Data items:
::::::

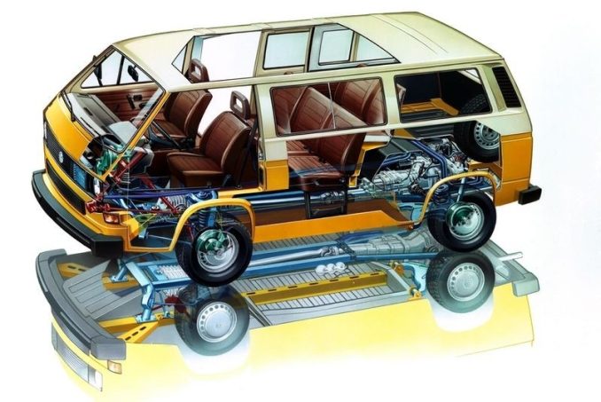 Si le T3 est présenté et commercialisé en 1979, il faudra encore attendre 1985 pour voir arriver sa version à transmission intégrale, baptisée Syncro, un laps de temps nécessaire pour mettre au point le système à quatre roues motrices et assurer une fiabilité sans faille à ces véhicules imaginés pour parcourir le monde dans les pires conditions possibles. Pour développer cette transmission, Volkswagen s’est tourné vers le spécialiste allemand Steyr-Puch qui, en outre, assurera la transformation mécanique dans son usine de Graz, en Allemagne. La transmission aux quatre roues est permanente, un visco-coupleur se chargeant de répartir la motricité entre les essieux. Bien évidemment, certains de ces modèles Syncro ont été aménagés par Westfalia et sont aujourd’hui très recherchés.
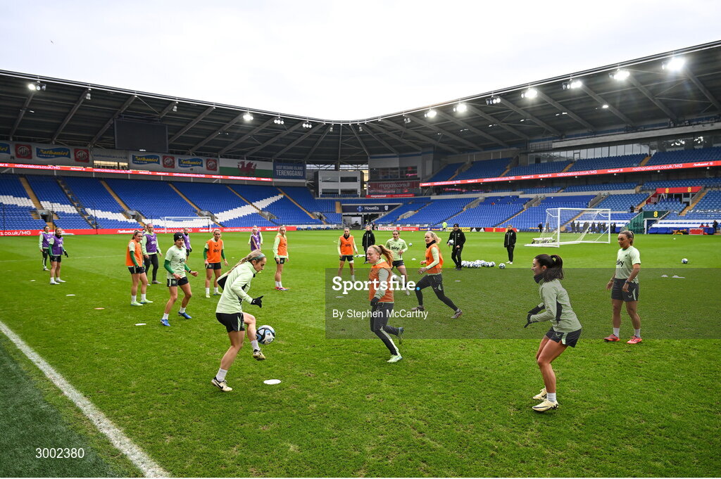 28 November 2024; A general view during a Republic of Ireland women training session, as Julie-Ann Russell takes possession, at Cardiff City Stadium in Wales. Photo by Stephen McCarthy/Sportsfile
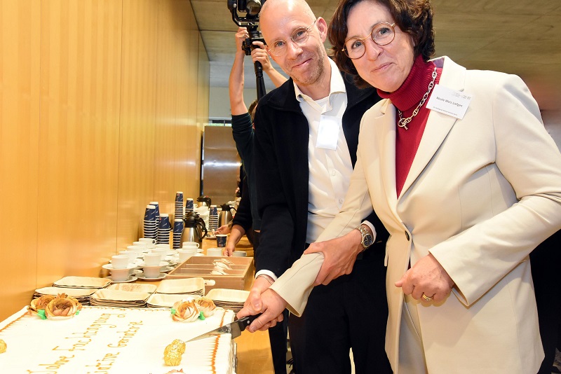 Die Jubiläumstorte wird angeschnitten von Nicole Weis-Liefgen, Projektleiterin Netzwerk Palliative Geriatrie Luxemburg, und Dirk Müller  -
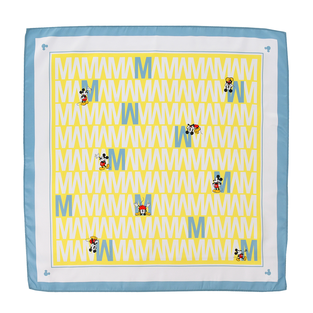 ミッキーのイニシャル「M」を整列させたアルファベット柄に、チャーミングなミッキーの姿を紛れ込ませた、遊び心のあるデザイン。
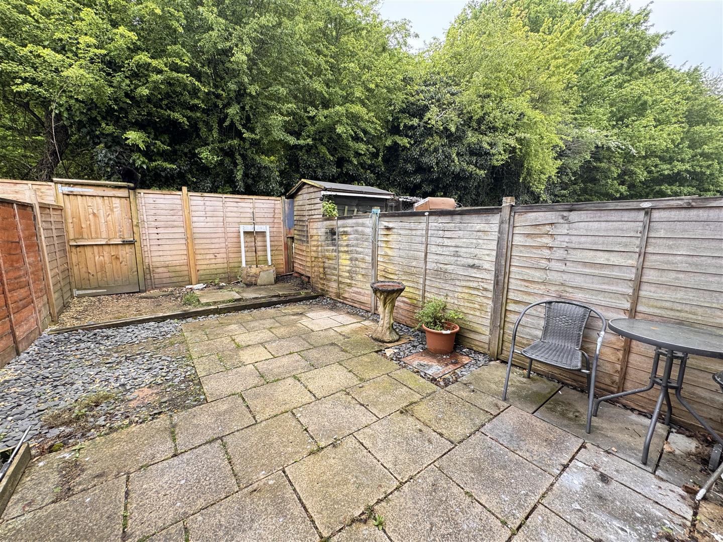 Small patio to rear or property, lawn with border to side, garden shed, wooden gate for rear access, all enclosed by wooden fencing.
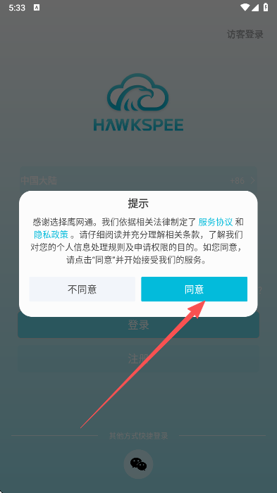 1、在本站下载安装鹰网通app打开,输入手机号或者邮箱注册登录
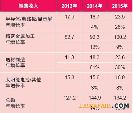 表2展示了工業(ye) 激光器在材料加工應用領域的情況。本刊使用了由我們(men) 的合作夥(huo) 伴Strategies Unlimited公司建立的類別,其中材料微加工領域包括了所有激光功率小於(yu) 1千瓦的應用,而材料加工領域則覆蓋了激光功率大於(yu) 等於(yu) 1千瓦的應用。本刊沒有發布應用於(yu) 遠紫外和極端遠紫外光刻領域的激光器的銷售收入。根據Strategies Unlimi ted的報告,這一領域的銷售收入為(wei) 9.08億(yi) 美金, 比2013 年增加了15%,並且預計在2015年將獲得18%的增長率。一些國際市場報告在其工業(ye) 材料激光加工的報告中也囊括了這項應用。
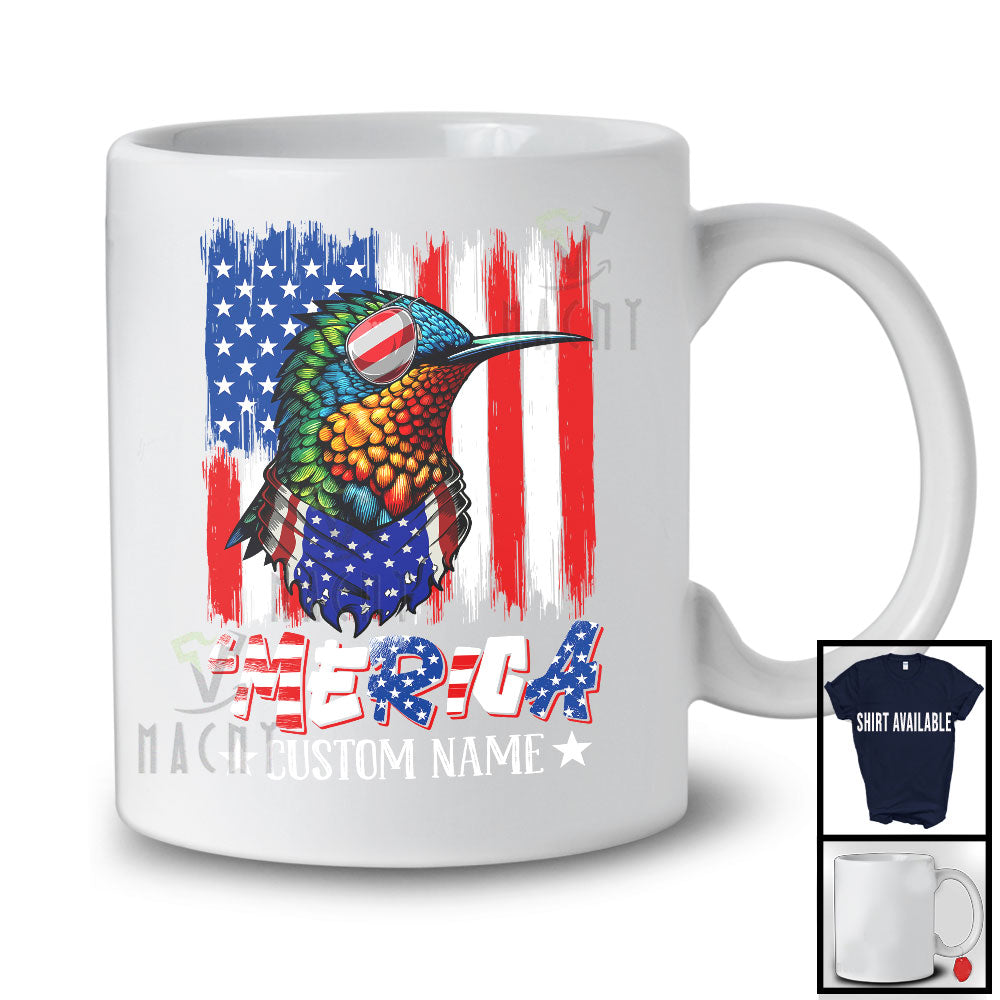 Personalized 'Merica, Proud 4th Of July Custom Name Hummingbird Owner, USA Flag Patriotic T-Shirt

::::::

What to do: Exact copy, pictures excluded: print only the lines from the line containing "Die Jubiläumstorte wird" through the end of the records.

Result:
 Die Jubiläumstorte wird angeschnitten von Nicole Weis-Liefgen, Projektleiterin Netzwerk Palliative Geriatrie Luxemburg, und Dirk Müller  -
 ミッキーのイニシャル「M」を整列させたアルファベット柄に、チャーミングなミッキーの姿を紛れ込ませた、遊び心のあるデザイン。
 Small patio to rear or property, lawn with border to side, garden shed, wooden gate for rear access, all enclosed by wooden fencing.
 1、在本站下载安装鹰网通app打开,输入手机号或者邮箱注册登录
 表2展示了工業(ye) 激光器在材料加工應用領域的情況。本刊使用了由我們(men) 的合作夥(huo) 伴Strategies Unlimited公司建立的類別,其中材料微加工領域包括了所有激光功率小於(yu) 1千瓦的應用,而材料加工領域則覆蓋了激光功率大於(yu) 等於(yu) 1千瓦的應用。本刊沒有發布應用於(yu) 遠紫外和極端遠紫外光刻領域的激光器的銷售收入。根據Strategies Unlimi ted的報告,這一領域的銷售收入為(wei) 9.08億(yi) 美金, 比2013 年增加了15%,並且預計在2015年將獲得18%的增長率。一些國際市場報告在其工業(ye) 材料激光加工的報告中也囊括了這項應用。
 Personalized 'Merica, Proud 4th Of July Custom Name Hummingbird Owner, USA Flag Patriotic T-Shirt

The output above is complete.